|Date of Issue||January 13, 2014|
|Perforation or Dimension||Comb 12½|
|Series||Chinese New Year|
|Series Time Span||1997 - 2021|
|Mint - Never Hinged - Very Fine||Only available to paid users|
|Used - Very Fine||Only available to paid users|
The hidden date for this stamp can be found near the horse's hoof.
The stamps in the souvenir sheets are embossed while the booklet stamps are not.
The embossing can be easily viewed on the back of the stamp.
The Year of the Horse gallops into view on January 31, 2014, and rides on until February 18, 2015. Those born under the sign have more than their fair share of ingenuity, a gift for communication and a taste for the spotlight – traits that also set the benchmark for this year’s stamp design.
Throughout the design process, Paprika’s Louis Gagnon and Daniel Robitaille were keenly aware of the need to balance innovation and tradition. They focused on attributes that would not only result in a timeless design for this issue but also continue the high level of artistry and refinement that has been the hallmark of the Lunar New Year series.
“The horse is shown in movement, its mane and tail touching from one stamp to the next,” says Gagnon. “The embossing also creates a multi-dimensional look and feel, adding to the physicality of the horse, while the red and gold – traditional Chinese colours – evoke the liveliness of fire.”
The creative team grounded the image of the wild horse with a silhouette design influenced by shadow puppets and traditional print-making. Acting as a base for the flashes of red and gold, a white background serves as a soothing and elegant canvas.
Gagnon continues, “We wanted to show the energy, strength and gracefulness of the animal itself – and we put a lot of effort into featuring those characteristics in the different denominations. We wanted each stamp to be powerful.”

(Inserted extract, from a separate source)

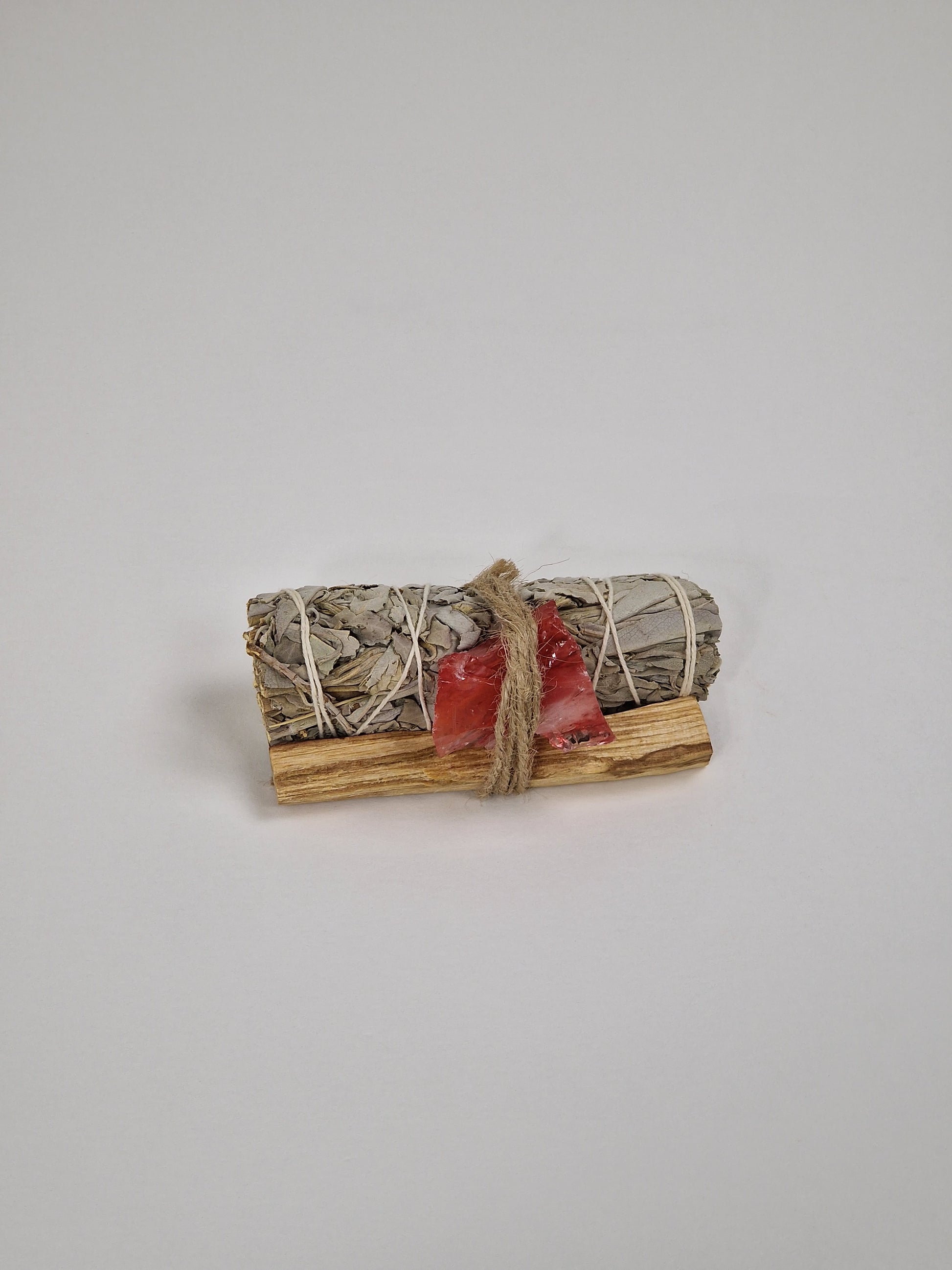 Großes Bündel weißer Salbei, ein Rohkristall-Kirschquart, Kirschquart und ein Stück Palo Santo, heiliges Holz

“We’ve used foil in the past to accentuate parts of an image, but in this case, the entire horse on the international stamp was created from embossed foil,” explains Alain Leduc, Stamp Design Manager at Canada Post. “It is definitely something special.”
In keeping with its equine theme, the Official First Day Cover is cancelled at Horseshoe Bay, British Columbia.
Canada Post started issuing Chinese New Year stamps in 1997. Since then, Canada Post has been issuing a stamp for the Chinese New Year each year.
From 2009 to 2020, Canada Post issued an exquisite Chinese New Year stamp that was part of one of Canada Post’s most popular and longest-running series, which featured such elaborate techniques as gold and silver foiling and multi-level embossing.
In 2021, Canada Post issued a special tribute to the culmination of more than a decade of award-winning stamps. This retrospective brought together in a single issue all the stamps from their 2009-2020 Lunar New Year series.
The Lunar New Year cycle showcased all of the animals in the Chinese zodiac: Rat, Ox, Tiger, Rabbit, Dragon, Snake, Horse, Ram, Monkey, Rooster, Dog and Pig. Conceived well before the series was launched, this collection features 24 stamps based on the designs of all the previous domestic and international rate stamps in the last 12 years.
“Even before we began this series of Lunar New Year stamps, we envisioned bringing them all together for a grand finale,” explains Jim Phillips, Director of Stamp Services. “That required a plan from the very beginning. We developed standardized specifications that made the stamps consistent across issues in terms of dimension, format and palette, but still allowed sufficient creative freedom for each to be spectacular in its own right.”
Brought together by Paprika from Montréal, these eye-catching stamps feature the work of the many design firms and designers who contributed to the series over the years. The result is a unique collectible that is a fitting tribute to Lunar New Year celebrations everywhere.